Other methods of building objects using separately cured layers of photopolymers are also available, and new methods and equipment are expected.
One of the basic limiting requirements for any stereolithographic method is the photosensitive resin. The present invention focuses on an improved resin, which exhibits enhanced photospeed. A number of photosensitive resins are now available for use with stereolithographic equipment. Current stereolithographic applications require resins that are mechanically stable, with a resolution of 0.005 inch. The photopolymer must cure rapidly and also should be able to endure both cure and post-cure treatments with minimal distortion. At present it appears that there is some trade-off between speed of cure, or photospeed, and size stability during cure. The present invention exhibits greatly enhanced photospeed as well as size stability comparable with the fastest commercially available resins.
As photopolymer technology develops, various test criteria have begun to evolve. One such criterion is related to photospeed and is called E.sub.c, the critical exposure energy, which is conveniently defined in "Rapid Phototyping & Manufacturing; Fundamentals of Stereolithography" P. F. Jacobs, Society of Manufacturing Engineers (1992), pp. 33, lines 14-16. This E.sub.c is the minimum exposure needed to induce polymerization and is measured in millijoules per square centimeter (mJ/cm.sup.2). A standard technique for determining E.sub.c is the WINDOWPANE.RTM. technique, also described in "Rapid Prototyping & Manufacturing", above, at pages 24-29. For the inventors' purposes, an E.sub.c of less than 1.5 is desirable.
Various resins have been explored for use in stereolithography. For example, International Publication No. WO 92/20014 relates to polymer compositions for stereolithography that contain vinyl ether-epoxide polymers. These compositions show good accuracy, but are extremely slow. That is, they have an E.sub.c of 27. They are also sensitive to ambient humidity.
U.S. Pat. No. 5,167,882 issued to Jacobine et al. Dec. 1, 1992, relates to norbornene/thiol and free radical initiators. These materials are disclosed to lack stability (Col. 3, lines 46-51).
International Publication No. WO 92/02572 relates to an associative blend of electron-donating and electron-accepting groups, principally a mixture of polymeric and monomeric (meth)acrylates with free radical initiators and an inert thermoplastic material. These materials are disclosed to be especially useful for investment casting.
U.S. Pat. No. 4,942,001, issued to Murphy et al. Jul. 17, 1990 relates to polymeric (meth)acrylates blended with an N-vinyl monomer. The incorporation of an N-vinyl monomer such as N-vinyl pyrrolidone is undesirable, as this compound is a suspected carcinogen. It is disclosed that exposure to preferably 0.2 to about 5 Joules per square centimeter (Col. 2, lines 65-66) will partially cure the blend, resulting in gelatinous and mechanically weak object (Col. 3, lines 3-9) and is subject to further exposure to radiation or thermal cure. (Col. 4, lines 32-47).
Various publications relate to (meth)acrylate formulations and free-radical photopackages.

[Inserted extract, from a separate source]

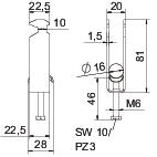 Clamping range D, max. 16 mm Clamping range D, min. 12 mm CO2 Footprint (GWP) Cradle-to-Gate 0,1388 kg CO2e / 1 Piece Dimension 12-16mm Dimension A 22,5 mm Dimension B 20 mm Dimension C 28 mm Dimension G (mm) M6 Dimension H 81 mm Dimension L 46 mm Dimension t 1,5 mm For pipe diameter, max. 16 mm For pipe diameter, min. 12 mm for rail with slot width (with interval), max. 17 mm for rail with slot width (with interval), min. 16 mm Halogen-free yes Height 81 mm Length 22,5 mm Length of external dimensions 28 mm Maintain electrical functions yes Material Steel Material addition Steel Material of trough Steel Max. Tightening torque 3 Nm Mounting type Profile rail Number of cables/pipes 3 Plate thickness 1,5 mm Slot width 10 mm Surface Hot-dip galvanised Surface addition hot galvanised Thread M8 Width 20 mm With counter-trough no With metal trough yes With plastic trough no - All types

EP 506616 corresponding to Canadian Patent No. 2,063,982 relates to polyurethane (meth)acrylate and various (meth)acrylates and contains no photosensitivity data; EP 517657 relates to polyester (meth)acrylates; EP 378144 relates to (meth)acrylated epoxies and discloses that unspecified additives, including oxygen scavengers, can be used; and EP 450254 relates to mixed free-radical and ionic photoinitiators with polymeric and monomeric (meth)acrylates and uses lasers with wavelengths greater than 400 nm. The commercially available materials from these classes can be obtained from Ciba, all of which have an E.sub.c &gt;4 in the range of 300-400 nm.